(REQUIREMENT)
Copy the data that follows exactly as it is, excluding all pictures.

(GIVEN MATERIAL)
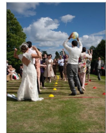
Games on the Terrace
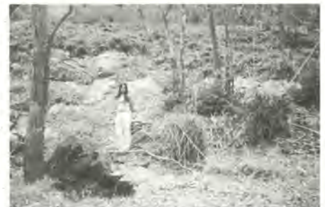
Above: A site within Piesse Brook before the weeding program by the group was implemented. Below: The same site after the extensive weeding program was implemented
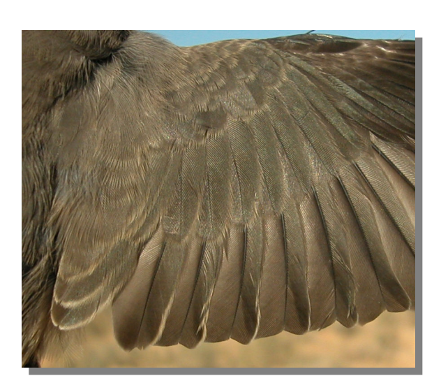
Crag Martin. Autumn. 1st year: pattern and wear of secondaries (25-X).

(RESPONSE TO THIS TASK)
Games on the Terrace
Above: A site within Piesse Brook before the weeding program by the group was implemented. Below: The same site after the extensive weeding program was implemented
Crag Martin. Autumn. 1st year: pattern and wear of secondaries (25-X).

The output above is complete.